I'm sorry so many times as you grew up I kept saying “Don't Make the Same Mistakes I did, Don't Ruin Your Life” YOU did NOT ruin my life! You blessed me with love, hope and reason. You gave me purpose and love, you taught me what a whole and complete heart felt like. I'd live the same exact life all over again if given the choice to start over.

I'm sorry you had to watch me learn, learn how to become an adult, learn how to provide, learn how to fail with dignity and learn how to find my flow in the ever-changing world around us. I tried so hard to give you everything I thought you needed. Everything I've ever tried at, failed at, improved at or succeeded at in this life was simply because of YOU.

Once upon a time, it was just us, and I know things were perfectly fine. Weekend shopping trips together just you and me, cuddles on the couch in the evenings watching whatever we wanted on TV, just you and me. You always worked your way into my bed when you were little. I'd wake up with your little arms wrapped tightly around my neck, with your curly-cues messed all too and fro.

You were once my only child, you worried about your Momma just like your Momma worried about you. It was us, we were a team. We had each other, and we did well just the two of us. You may not remember these days as they were quite some time ago, but I do. I cherish them, deep inside my heart and soul. The days of me and you. The days of simplicity when all we had to worry about was each other.

Remember when your baby brother came to join us, the little rock-star who stole the light? He was our baby, remember? He was never mine, but ours. You were such a little Mommy to him, it melts my heart to remember the excitement, love, and devotion I saw in your eyes when you met him. The big sister with a Mother's heart. You always said “he's our baby, right Mommy” the pride you had for your little brother, the one who barged into your life, you grasped his entry with such grace. Not once acting jealous, or concerned, but excited and quick to show him off.

You watched my heart get broken countless times as I navigated through the dating mess, with each and every heartbreak bringing encouragement from you. So many times you'd comfort me and say “it's okay Mommy, I won't let nobody hurt you” Your voice so tiny but pure, was all I needed to move on. Then one day it happened, I met him, the one who became your step-father.
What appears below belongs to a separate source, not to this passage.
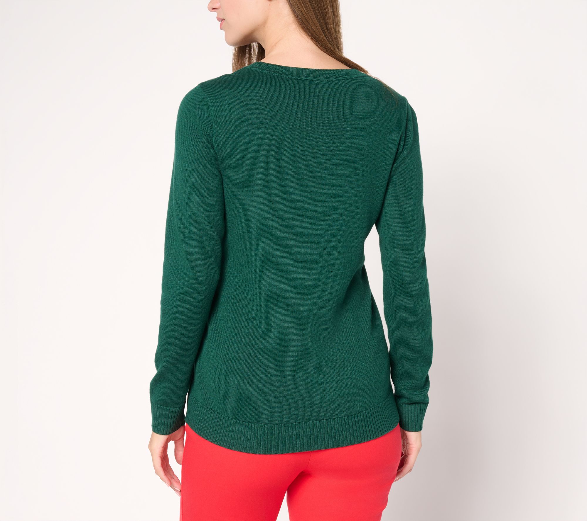 Whether worn as a festive holiday design or the feeling that a loved one is near, this cardinal crewneck sweater brings a cheerful vibe to quiet moments and seasonal gatherings. Rich in cotton, it's soft silhouette is comfortable... and comforting. From the Joan Rivers Classics Collection®.

Looking back, it seems like life went from just you and me to a crazy, blended family of six overnight! I know that's not how it happened, but I often wonder what you really felt inside. Even if I didn't say it, I often wondered how you coped. How you adjusted so quickly to all of the changes this life threw at us one after another. You always seemed to be such a trooper. No matter how many different ways I asked, you always said you were okay. Thinking back, I hope you weren't just telling me what you knew I wanted to hear. That'd be you, be strong for your Momma. That was what we did, me and you. We put each other first, always without question. An unspoken truth, a camaraderie that can't be compared.

We were meant to experience all of these changes that shaped us into the family we've become. Through each and every curveball this life threw at us, you remained my little rock. My confidant, my best friend, my angel from the heavens, my sweet baby girl, my girlfriend to the end. It's all because of you. Each and milestone, each and every attempt to pick up the pieces that Mom's choices left behind in the wrath of mistakes, each and every “we'll get through it together” was because I had the strength you gave me.

In the end, I hope you see exactly how important you are to me. My life's beginning was shaped because of you. Everything I am today is simply because I had you. I hope you have blossomed into the amazing young women you are today, simply because you had me.

I love you, my first born, my only daughter, my blessing from above. You are and always will be my everything.